Available data>
BEGIN
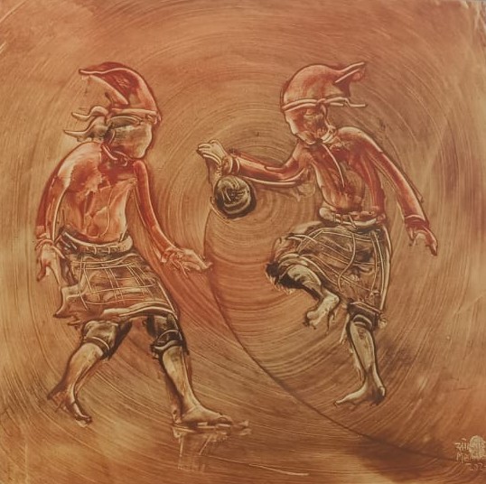 Media: Tanah liat di atas kanvas
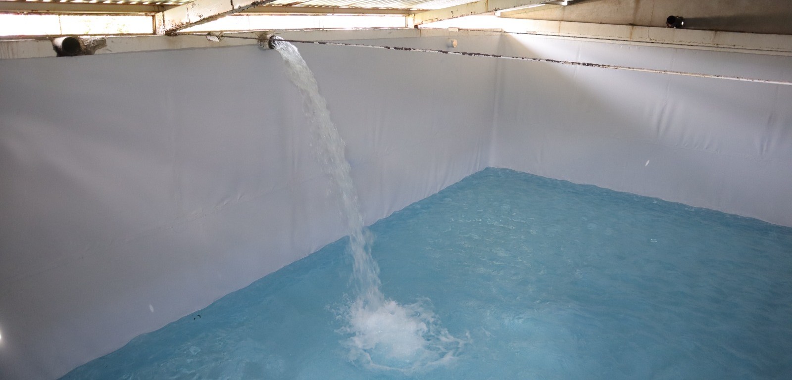 Al concluir los trabajos y quedar en total funcionalidad, la pileta fue llenada para rebombear agua por red.
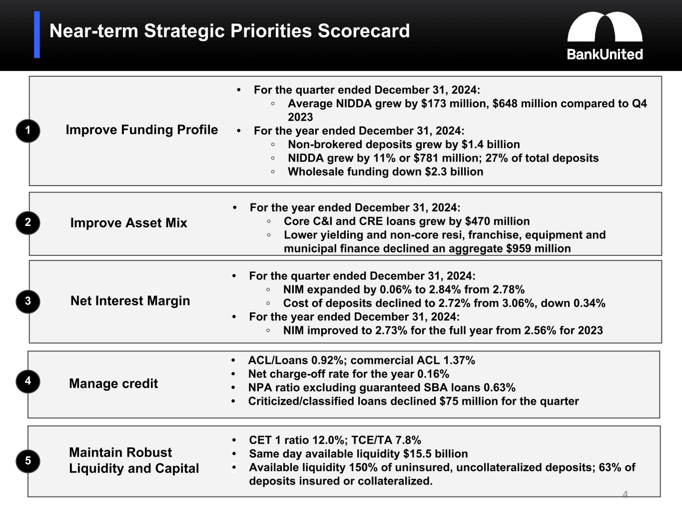 We continue to execute on strategic priorities focused on improving core profitability. EPS, the net interest margin, ROAA and ROAE have improved notably since the fourth quarter of 2023, as well as for the year ended December 31, 2024 compared to the year ended December 31, 2023.
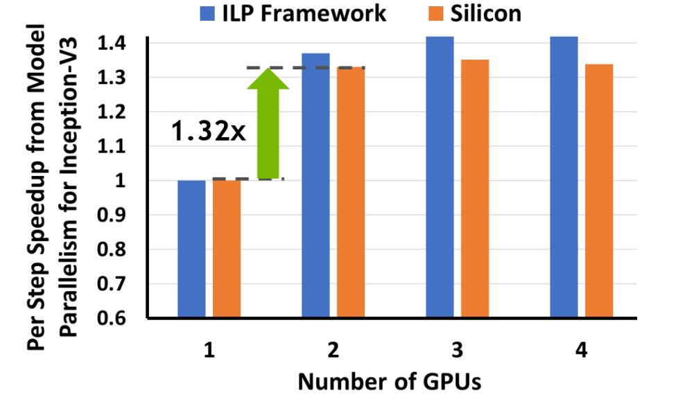 值得注意的是,在 2 个 GPU 的设置下,真实实验获得的加速(1.32 倍)与在三或四个 GPU 上获得的加速几乎一样。 其原因在于该网络可进行的并行化有限,DLPlacer 在 2 个 GPU 的情况下几乎完全穷尽了并行化。
END
Work item>
Send back every line above exactly, skipping all pictures.

Answer space>
 Media: Tanah liat di atas kanvas
 Al concluir los trabajos y quedar en total funcionalidad, la pileta fue llenada para rebombear agua por red.
 We continue to execute on strategic priorities focused on improving core profitability. EPS, the net interest margin, ROAA and ROAE have improved notably since the fourth quarter of 2023, as well as for the year ended December 31, 2024 compared to the year ended December 31, 2023.
 值得注意的是,在 2 个 GPU 的设置下,真实实验获得的加速(1.32 倍)与在三或四个 GPU 上获得的加速几乎一样。 其原因在于该网络可进行的并行化有限,DLPlacer 在 2 个 GPU 的情况下几乎完全穷尽了并行化。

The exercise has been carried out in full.